_Exercise brief_
Leave out the pictures and output exactly the lines below from the one with "- Navigation system: INFINITI" down to the one with "広島市安佐南区上安のクリーニ", both of them included.

_Data shown_
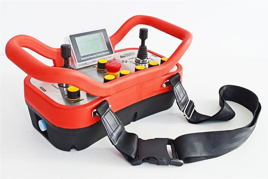 遥控器手持端布局及功能执行:启动 急停,1个四向五速摇杆,1个四方向模拟量比例杆或1个两方向模拟量比例杆,8个选择开关,1号摇杆四方五速摇杆用于控制塔吊的吊钩上下五速以及吊钩前后行走3速,2号比例杆用于控制塔吊吊臂的左旋、右旋模拟量输出控制,模拟量控制输出可调节0-10V、或0-5V,4-20mA。手持端采用箱体式,有背带,可悬挂于胸前操作,手握感良好,可按需定做文字标识或铭牌。开关量摇杆四方向五速,可实现前后左右四个方向动作,每个方向可实现5速控制,每个方向对应5路继电器输出,4个方向可输出开关量20路启动旋钮控制遥控系统整机启动,急停用于发射机和接收机及被控设备的总电源的紧急断开;双摇杆可协同动作,也可独立动作执行,功能多样化,满足多种复杂工业级无线控制需求。
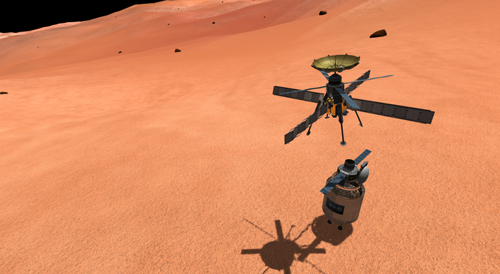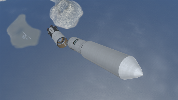 ...а на трех километрах - сброс теплового щита, базы обтекателя и, собственно, теперь уже лишней автоматики. Сделать это помогли 4 мощных твердотопливных сепратрона, которые быстро отвели плоскую и очень не аэродинамичную штуковину от посадочного блока. Причем двигатели распологаются под небольшим углом, чтобы придать немного горизонтальной скорости сбрасываемому блоку. Нам ведь не надо, чтобы он, поймав воздух, ударился об лэндер?
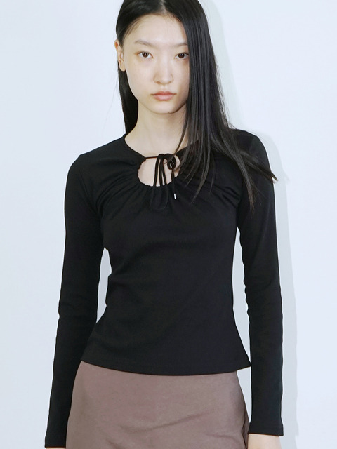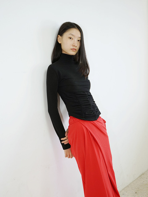 [프로보] 허리 셔링 목폴라 슬리브 티셔츠 / 블랙
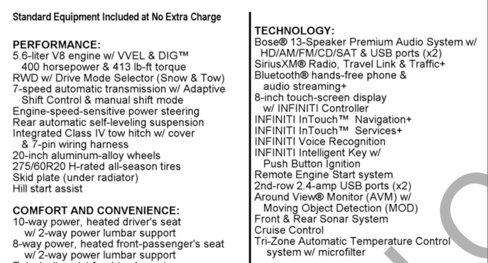 - Navigation system: INFINITI InTouch Navigation
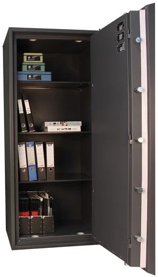 Универсальный сейф, предоставляющий комплексную защиту особо ценного имущества и крупных сумм денег на высоком уровне, исключающем как попытки взлома, так и повреждения содержимого при пожаре.
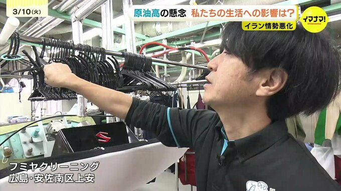 広島市安佐南区上安のクリーニング店では、すでに石油由来のハンガーなどが今後値上がりするという話が、仕入れ業者から来ています。クリーニングに欠かせないハンガーや衣類を包むビニールカバー、洗浄に使う溶剤などは全て石油由来です。物価高の影響で、ことし1月にハンガーなどの値上げ通知が来たばかりでした。
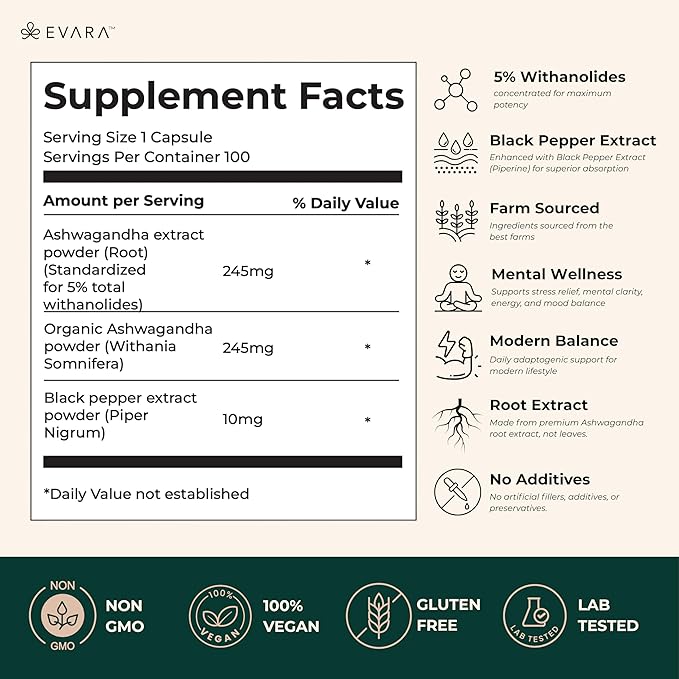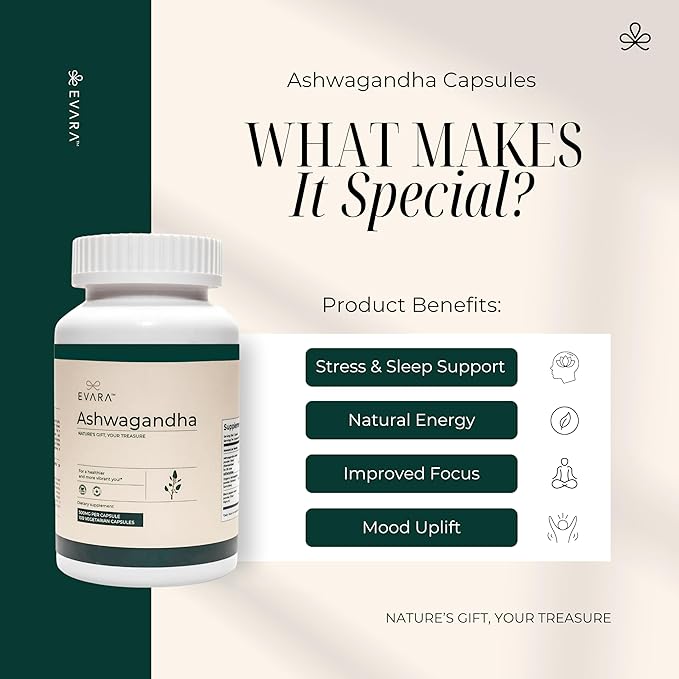 - OUR ASSURANCE: At EVARA, we promise the purest, nature-derived Ashwagandha. Our supplements are crafted with complete transparency. Each GMP-certified capsule harnesses the ancient power of Ashwagandha. With EVARA, you receive only the highest quality ingredients—no additives, just pure, potent Ashwagandha extract to enhance your well-being.
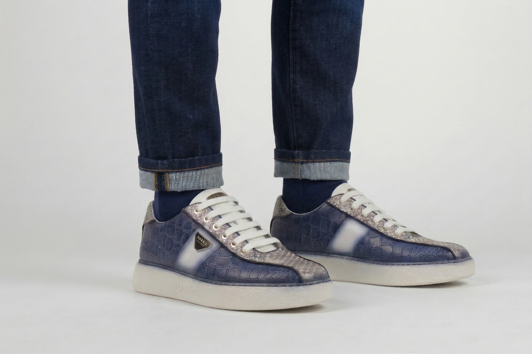 Sneakers mit Krokodil- und echtem Python-Effekt
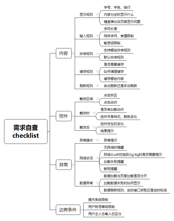 通过上述三个层面的考虑,基本可以保证一个页面的需求不遗漏,但是可能对很多异常流考虑程度不够,还可以用一份详细的需求自查表来check,验证一下是否覆盖了大部分异常情况。
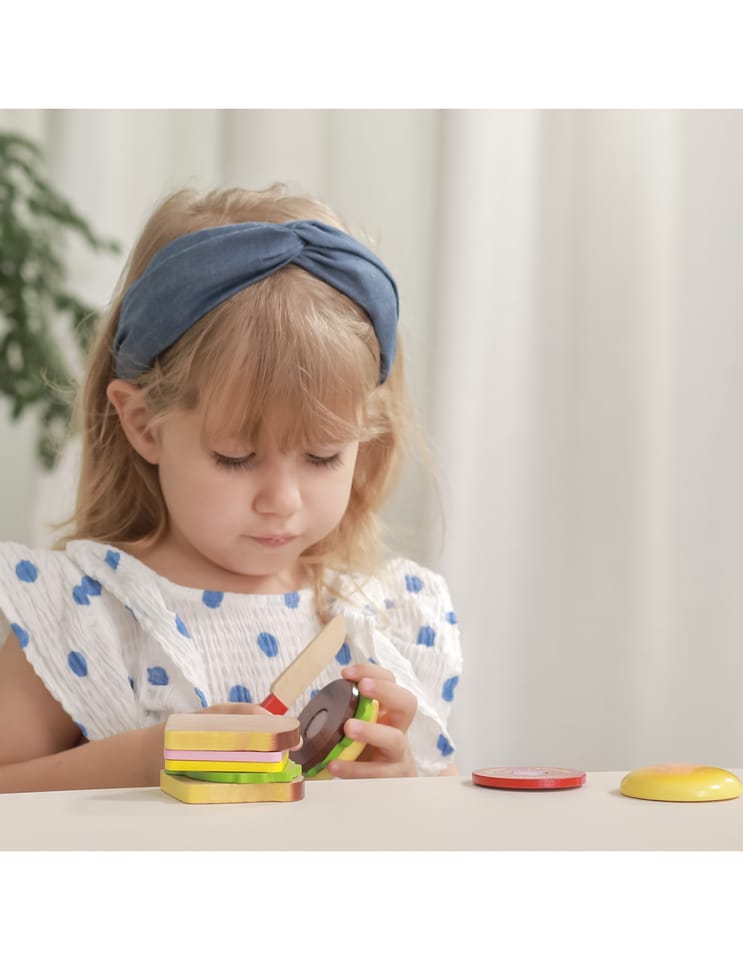 Przy pomocy zestawu do krojenia "Hamburger i kanapka" przygotowywanie śniadania staje się prawdziwą przyjemnością. Teraz Twoje dziecko może stać się małym kucharzem, który przygotowuje pyszne kanapeczki dla swoich ulubionych lalek i pluszaków. Bezpieczny nożyk wykonany z drewna pozwala dziecku "kroić" chlebek, wędlinę i ser. To nie tylko zabawa, ale także doskonała okazja, aby uczyć dziecko korzystania z ostrych narzędzi kuchennych. Wszystkie elementy zestawu łączą się za pomocą rzepów, dzięki czemu zabawa trwa w nieskończoność. Po zakończeniu śniadania można ponownie połączyć wszystkie elementy w jedną całość. Zabawka wykonana jest z drewna lakierowanego i malowana nietoksycznymi farbami w żywych kolorach, które zachwycą każdego użytkownika i dostarczą mnóstwo radości.
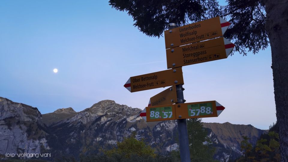 Vom grossen Parkplatz unmittelbar links der Talstation Melchtal Stöckalp auf 1’071m (im Sommer kostenlos, im Winter 5.-- / Tag), geht man durch ein Drehgatter richtung Osten und folgt den Wegspuren. Diese führen über den Cheselenbach, am Kraftwerk Hugschwendi vorbei, auf einen Feldweg richtung Hugschwendi, wo ein spärlich markierter Pfad links vom Bettenalpbach, hoch nach Unterboden zu P1461 führt. Die Wegfindung nachts mit Stirnlampe im nassen und rutschigen Gelände, ist aufgrund der spärlichen und verwitterten Markierungen nicht einfach. Von P 1461 über P1455 führt ein gut gehbarer und weiss-rot-weiss markierter Bergweg hoch zur Wolfisalp auf 1’942m. Ab hier geht es weglos, erst über Gras dann über Karst- und Blockgelände hoch richtung P2535, dem Sattel zwischen Barglen und Rotsandnollen. Ab etwa 2’000m ist das Blockgelände schneebedeckt und steigt an der Nord-Ostflanke des Barglen steil an. Ab 2’400m quert man stets ansteigend die eingeschneite Nordflanke in z.T. knietiefem Schnee, oft mit eisiger Unterlage. Gutes Bein- und VOmax Training. :-)
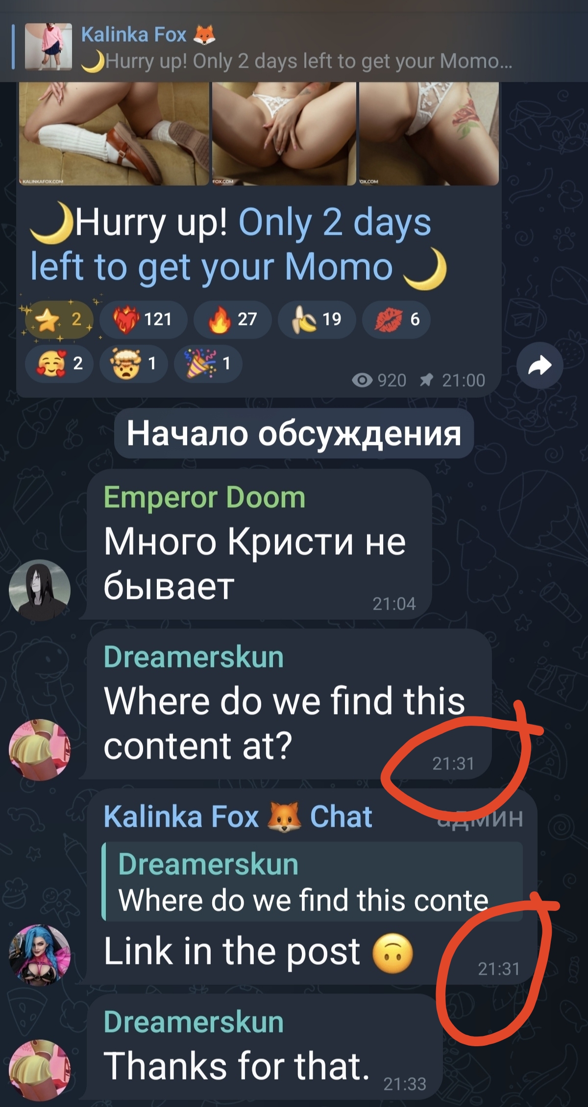 Новости: На калининско-фоксном направлении полнейший штиль. С апреля по август 2023 произошло рекордно малое количество сливов, а те что были, ни пизды, ни очка, ни вразумительного качества фотокарточек не заимели. Патреон убрал возможность ставить цели, и замануха "запилю видосы за 600 подписчиков" прекратила своё существование. Не велика потеря для Финк, тем более самокопание и отсутствие возможности прибегнуть к фотошопу лишний раз, видимо, не позволяли ей порадовать фанатов и двачеров в этой стезе. Помянем. В 2025 начала выкладывать короткие видео, где использует фильтры на все 146% и ужасно кривляется, хотя имела ютуб канал с 500 тысячами подписчиками. Ну, а поскольку уныние это смертный грех, то не унываем, пацаны, ведь покамест жив этот тред, жив и огонёк надежды о светлом будущем и зияющем очке, которое, в силу недоступности и обсуждений, уже заслуженно стало элементом преданий, сказаний и легенд.

_Expected answer_
 - Navigation system: INFINITI InTouch Navigation
 Универсальный сейф, предоставляющий комплексную защиту особо ценного имущества и крупных сумм денег на высоком уровне, исключающем как попытки взлома, так и повреждения содержимого при пожаре.
 広島市安佐南区上安のクリーニング店では、すでに石油由来のハンガーなどが今後値上がりするという話が、仕入れ業者から来ています。クリーニングに欠かせないハンガーや衣類を包むビニールカバー、洗浄に使う溶剤などは全て石油由来です。物価高の影響で、ことし1月にハンガーなどの値上げ通知が来たばかりでした。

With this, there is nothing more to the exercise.